Introduction
This rich and creamy Keto Pumpkin Cheesecake brings all the cozy flavors of fall to your low-carb table. You’ll love how the spiced pumpkin filling perfectly complements the simple, nutty crust without any added sugar. It’s an indulgent dessert that proves you don’t have to miss out during the holidays.
Prep & Cook Time
- Prep Time: 15 minutes
- Cook Time: 70 minutes
- Total Time: 1 hour 25 minutes
- Servings: 10
Ingredients
- 1 ½ cup pecans (chopped)
- 1 egg white
- 2 packages cream cheese (8oz/250g packages, softened)
- 3 large eggs
- 1 cup Monkfruit sweetener
- 1 cup pumpkin puree
- 2 tsp cinnamon
- 1 tsp ginger
- ½ tsp nutmeg
Instructions
- Preheat your oven to 350°F (175°C).
- Make the crust by mixing the chopped pecans with the egg white until the nuts are evenly coated.
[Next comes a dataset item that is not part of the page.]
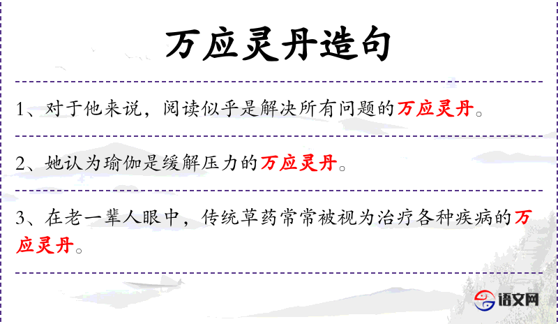 - 万应灵丹:成语,比喻能解决各种问题的有效方法。
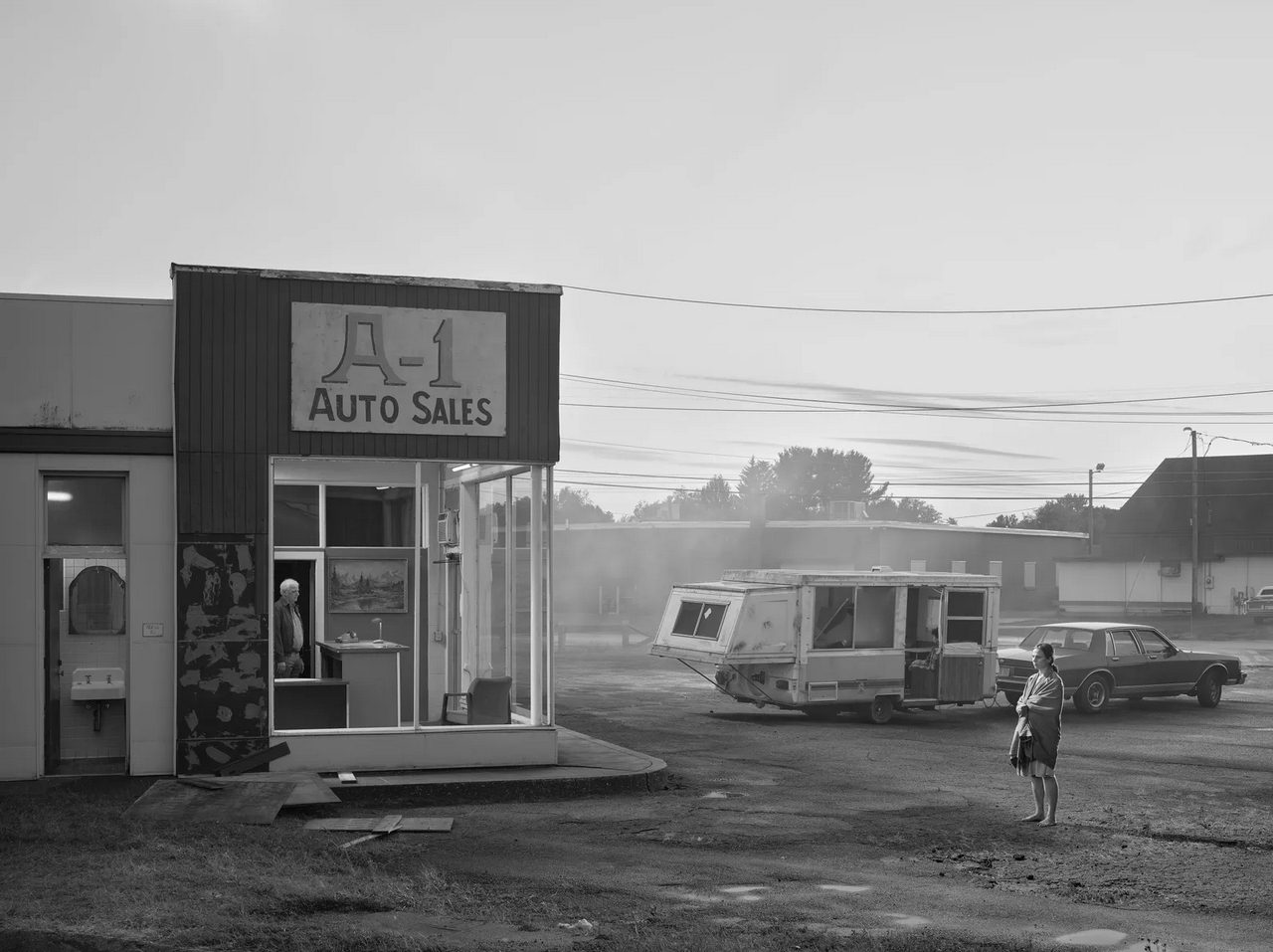 The visual atmosphere of the series is unmistakable. Working exclusively in black and white, Crewdson creates a melancholic twilight world where subtle lighting effects—fog, smoke, and artificial rain—transform familiar suburban landscapes into something uncanny. The aesthetic evokes the dramatic chiaroscuro of film noir and the quiet psychological tension found in the paintings of Edward Hopper. In these images, the ordinary becomes strangely theatrical, and the boundary between fiction and reality begins to dissolve.

Press this mixture firmly into the bottom of an 8-inch springform pan.
- Bake the crust for 10 minutes, then remove from the oven and set aside. Reduce the oven temperature to 325°F (160°C).
- In a large mixing bowl, beat the softened cream cheese until smooth and creamy.
- Add the Monkfruit sweetener and beat again until fully combined.
- Beat in the 3 large eggs, one at a time, mixing well after each addition and scraping down the sides of the bowl.
- Add the pumpkin puree, cinnamon, ginger, and nutmeg. Mix until the batter is completely smooth and uniform.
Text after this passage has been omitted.